▶ Exercise instructions
Reproduce exactly, leaving out pictures, each line from the one holding "Hasanpur (25 km)" through the final line of the listing, and add nothing.

▶ Data section

--

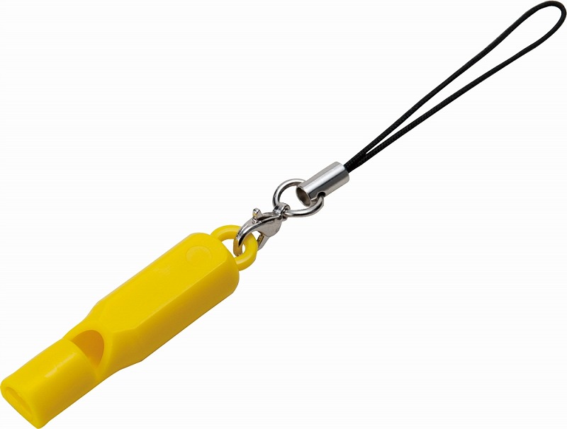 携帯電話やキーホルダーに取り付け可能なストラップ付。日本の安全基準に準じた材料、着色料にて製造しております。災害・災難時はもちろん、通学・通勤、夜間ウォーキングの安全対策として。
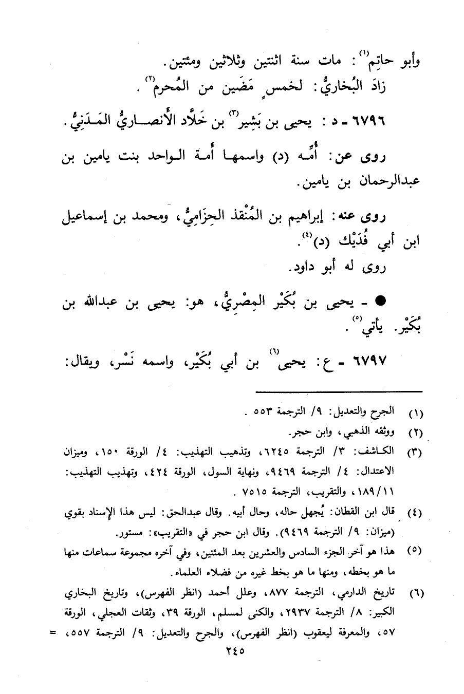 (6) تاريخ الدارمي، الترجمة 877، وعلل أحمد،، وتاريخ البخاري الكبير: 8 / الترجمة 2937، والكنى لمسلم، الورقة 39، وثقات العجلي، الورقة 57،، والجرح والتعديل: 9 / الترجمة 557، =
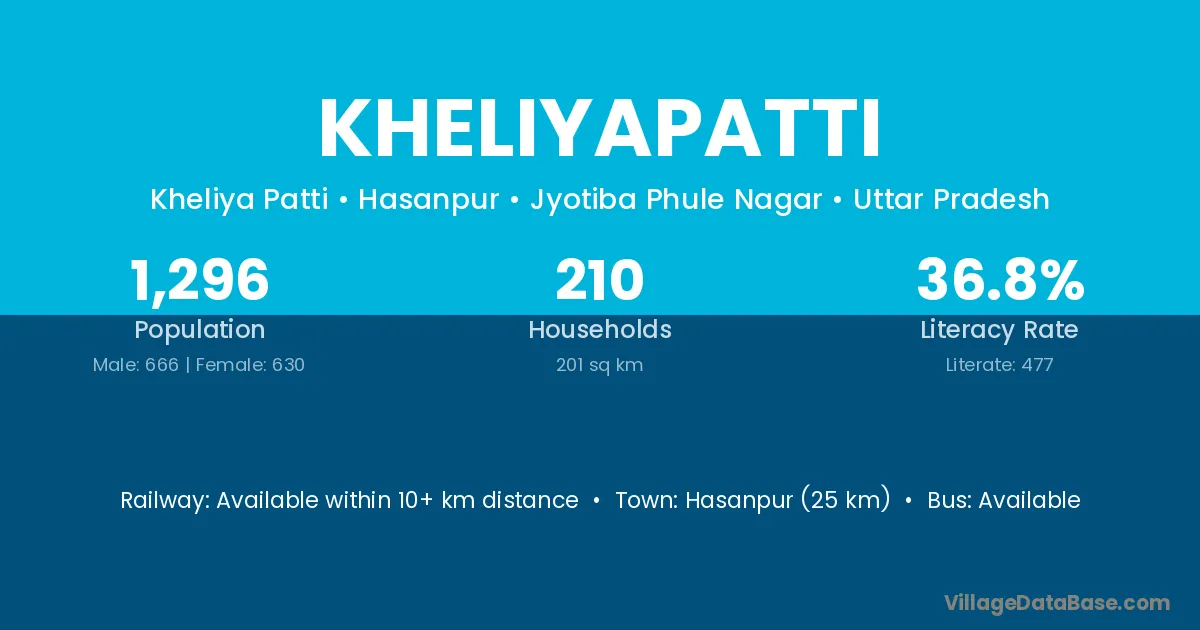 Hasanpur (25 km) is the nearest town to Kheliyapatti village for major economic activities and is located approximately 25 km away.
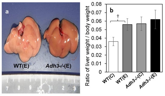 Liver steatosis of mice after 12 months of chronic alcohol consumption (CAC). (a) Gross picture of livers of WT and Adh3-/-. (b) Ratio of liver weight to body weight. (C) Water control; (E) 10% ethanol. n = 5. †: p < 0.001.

--

▶ Exercise response
 Hasanpur (25 km) is the nearest town to Kheliyapatti village for major economic activities and is located approximately 25 km away.
 Liver steatosis of mice after 12 months of chronic alcohol consumption (CAC). (a) Gross picture of livers of WT and Adh3-/-. (b) Ratio of liver weight to body weight. (C) Water control; (E) 10% ethanol. n = 5. †: p < 0.001.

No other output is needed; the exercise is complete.